More details about Image understanding and retrieval - https://docs.getindexify.ai/usecases/image_retrieval/

#### Create an Extraction Graph
```python
from indexify import IndexifyClient, ExtractionGraph
import requests

client = IndexifyClient()

extraction_graph_spec = """
name: 'imageknowledgebase'
extraction_policies:
- extractor: 'tensorlake/yolo-extractor'
name: 'object_detection'
"""

extraction_graph = ExtractionGraph.from_yaml(extraction_graph_spec)
client.create_extraction_graph(extraction_graph)
```

#### Upload Images
```python
with open("sample.jpg", 'wb') as file:
file.write((requests.get("https://extractor-files.diptanu-6d5.workers.dev/people-standing.jpg")).content)
content_id = client.upload_file("imageknowledgebase", "sample.jpg")
```

#### Retrieve Features of an Image
```python
client.wait_for_extraction(content_id)
client.get_extracted_content(content_id, "imageknowledgebase", "object_detection")
```

> The Yolo extractor adds the objects detected in the image in the database. The table name is same as the extraction graph name

#### Query using SQL
```python
print(client.sql_query("select * from imageknowledgebase where object_name='person';"))
```

### LLM Framework Integration
Indexify can work with any LLM framework, or with your applications directly. We have an example of a Langchain application [here](https://docs.getindexify.ai/integrations/langchain/python) and DSPy [here](https://docs.getindexify.ai/integrations/dspy/python).

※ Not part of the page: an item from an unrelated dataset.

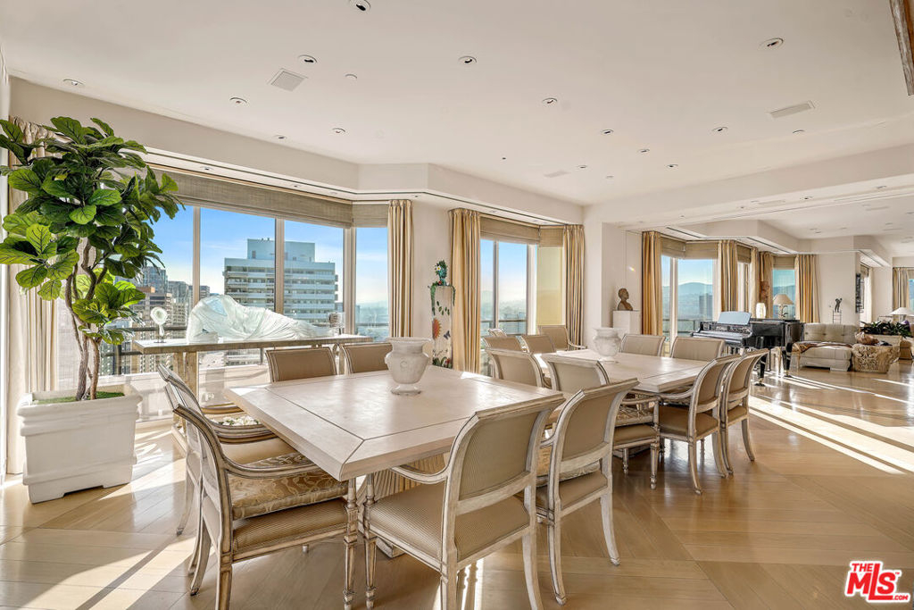 With its premier placement on the Wilshire Corridor, this single level unit in the Wilshire House is the perfect blend of prestige and contemporary style. Designed by internationally acclaimed Bauhaus architect Victor Gruen, the Wilshire House is Los Angeles' foremost luxury high-rise. The building boasts a wealth of amenities to enjoy, including a professional fitness facility, tennis court, pool, sun deck, library, meeting rooms, doorman, valet parking, and 24/7 concierge and security.Situated on the coveted Wilshire Corridor, you'll be mere minutes away from world class dining, shopping, and entertainment in Beverly Hills, Century City, Bel Air, and Westwood. Directly from the elevator, you'll enter your personal and secure lobby, which welcomes you into this fully custom 3 bed 5 bath unit. Proceed into the expansive living, family, and dining rooms where you'll find automated doors to separate or conjoin the space, and floor to ceiling windows that provide unobstructed city, mountain, and ocean views. Step outside and take in the sights, then soak up the breathtaking sunsets on the wraparound terraces and balconies. Make your way back inside to the gorgeous kitchen, which is equipped with beautiful granite countertops, a spacious island, two pantries and ample storage. From the kitchen, you'll have access to the intimate wet bar, card room and separate breakfast area. Pass through the hallway while strolling to the Primary Suite, where you'll find extensive custom built-ins, perfect for the art aficionado or collector. The primary suite, complete with dual walk-in closets as well as dual en-suite sumptuous bathrooms, featuring a separate steam and sauna will be your own personal haven of grandeur and comfort. The remaining two bedrooms are spacious, inviting, and picturesque, each offering additional stunning views. With this unit, you'll be able to enjoy the best that the Wilshire Corridor has to offer, all while being able to retreat to your private penthouse sanctuary. For a chic and opulent home, this is one you can't miss!

### Try out other extractors
We have a ton of other extractors, you can list them and try them out -
```bash
indexify-extractor list
```

### Custom Extractors
Any extraction or transformation algorithm can be expressed as an Indexify Extractor. We provide an SDK to write your own. Please follow [the docs here for instructions](https://docs.getindexify.ai/apis/develop_extractors/).

### Structured Data

Extractors which produce structured data from content, such as bounding boxes and object type, or line items of invoices are stored in
structured store. You can query extracted structured data using Indexify's SQL interface.

We have an example [here](https://docs.getindexify.ai/usecases/image_retrieval/)

## Contributions
Please open an issue to discuss new features, or join our Discord group. Contributions are welcome, there are a bunch of open tasks we could use help with!

If you want to contribute on the Rust codebase, please read the [developer readme](docs/docs/develop.md).